Special attention must be paid to AEFI definitions used in studies conducted in low- and low-middle-income countries. It may be reasoned that AEFI definitions need to take into account factors such as the relative lack of diagnostic capacity, high patient load, etc. that may be present in some low-resource settings, which may imply a preference for less-specific AEFI definitions compared to other contexts. An example would be a requirement to confirm preterm birth via early-pregnancy ultrasound in a setting with limited access to sophisticated diagnostic equipment.

Due to the very small number of studies conducted in low- and low-middle-income (LMIC) countries in our review, we are limited in our ability to assess meaningful differences in AEFI definitions in these contexts. Some of the unique AEFI definitions provided in our LMIC studies appear to reflect less interest in the specifics of an adverse event, and more interest in the sensitive detection of any abnormal event (e.g., “atypical infant behavior” and “severe acute maternal morbidity,” two catch-all definitions unique to LMIC studies). We do not, however, recommend that rigor in AEFI definitions should be relaxed for studies in LMIC contexts. Rather, considerations specific to low-resource countries should be given careful thought in the process of developing standard AEFI definitions.

Our study has additional limitations.
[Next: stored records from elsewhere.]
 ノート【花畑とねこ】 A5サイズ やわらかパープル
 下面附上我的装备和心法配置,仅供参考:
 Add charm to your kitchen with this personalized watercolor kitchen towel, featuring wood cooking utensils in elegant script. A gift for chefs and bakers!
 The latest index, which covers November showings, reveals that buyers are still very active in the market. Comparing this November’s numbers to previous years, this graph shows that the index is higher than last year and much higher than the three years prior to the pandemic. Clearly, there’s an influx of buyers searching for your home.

We searched for articles via four major literature databases, but we did not hand-search individual journals or gray literature. Maternal immunization studies that reported no safety outcomes may nevertheless have monitored for AEFIs using established case definitions; however, these studies were not included in our review. Finally, six older (pre-2000) articles were excluded due to inability to access the full papers, and five non-English candidate articles were not included in the final review due to lack of translation capacity (Fig. 1).

Efforts to standardize maternal immunization AEFI definitions are ongoing, with active efforts underway by WHO, the Brighton Collaboration, and other contributors [25-27]. Our review has provided a more complete picture of the landscape of maternal AEFI definitions currently in use, to help inform how best to approach standardization. One of the principal standardization efforts, the Global Alignment of Immunization Safety Assessment in Pregnancy (GAIA), is a WHO/Brighton Collaboration joint project aiming to provide standards and tools to establish a globally shared understanding of outcomes and approaches to monitoring them, with specific focus on LMIC needs and requirements.
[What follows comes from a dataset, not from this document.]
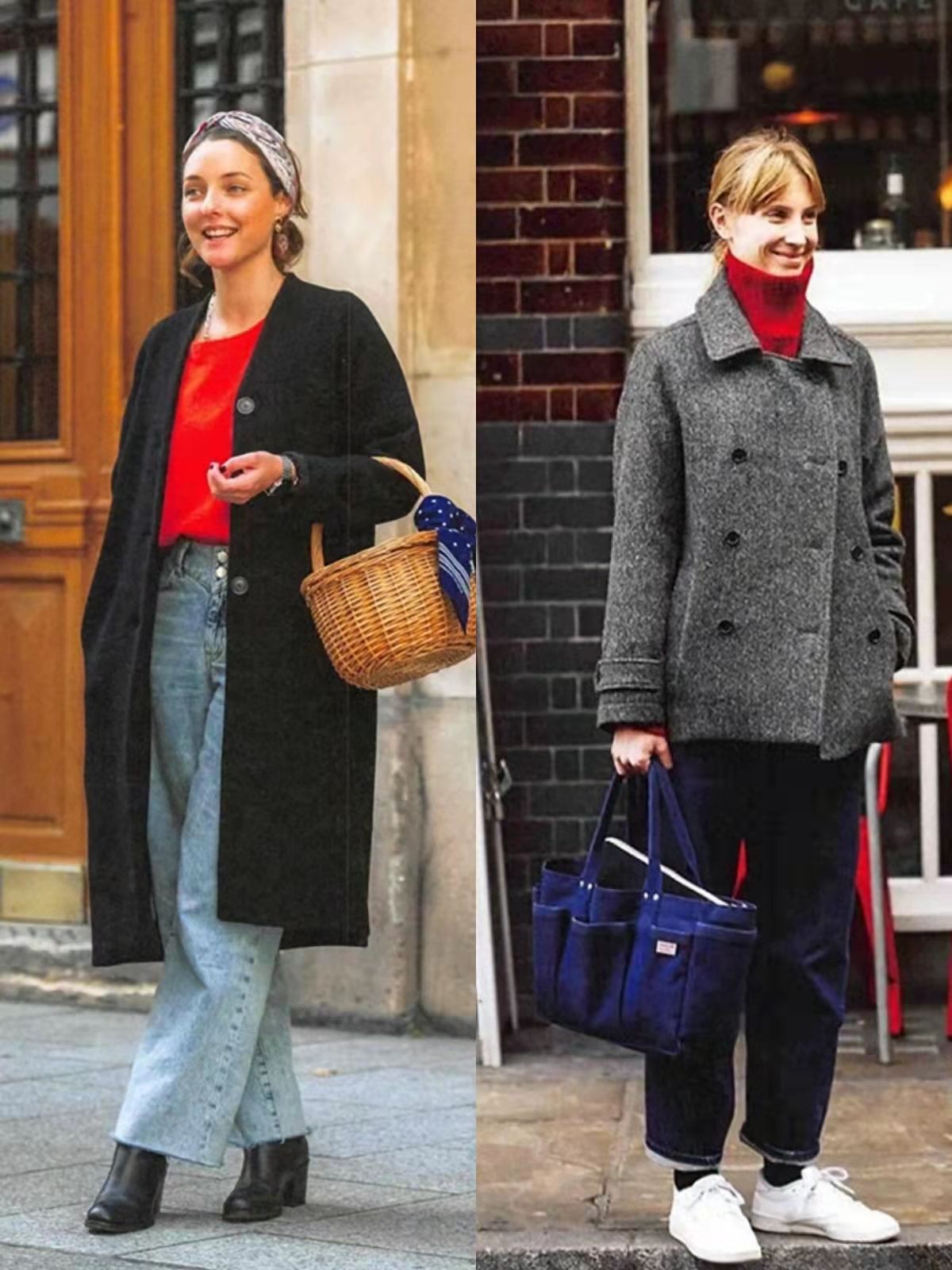 像這裡的紅色毛衣,搭配黑色大衣、牛仔褲與粗跟短靴,基礎款也可以令人驚艷。

Future standardized AEFI definitions developed through such initiatives will help ensure consistency of data and facilitate data comparisons and pooling; however, they should be accompanied by consistency of reporting. We believe that this is achievable, and that improving adverse event reporting practices is a first step that should be taken without hesitation. In view of a swiftly expanding global maternal immunization agenda, we have no reason to delay.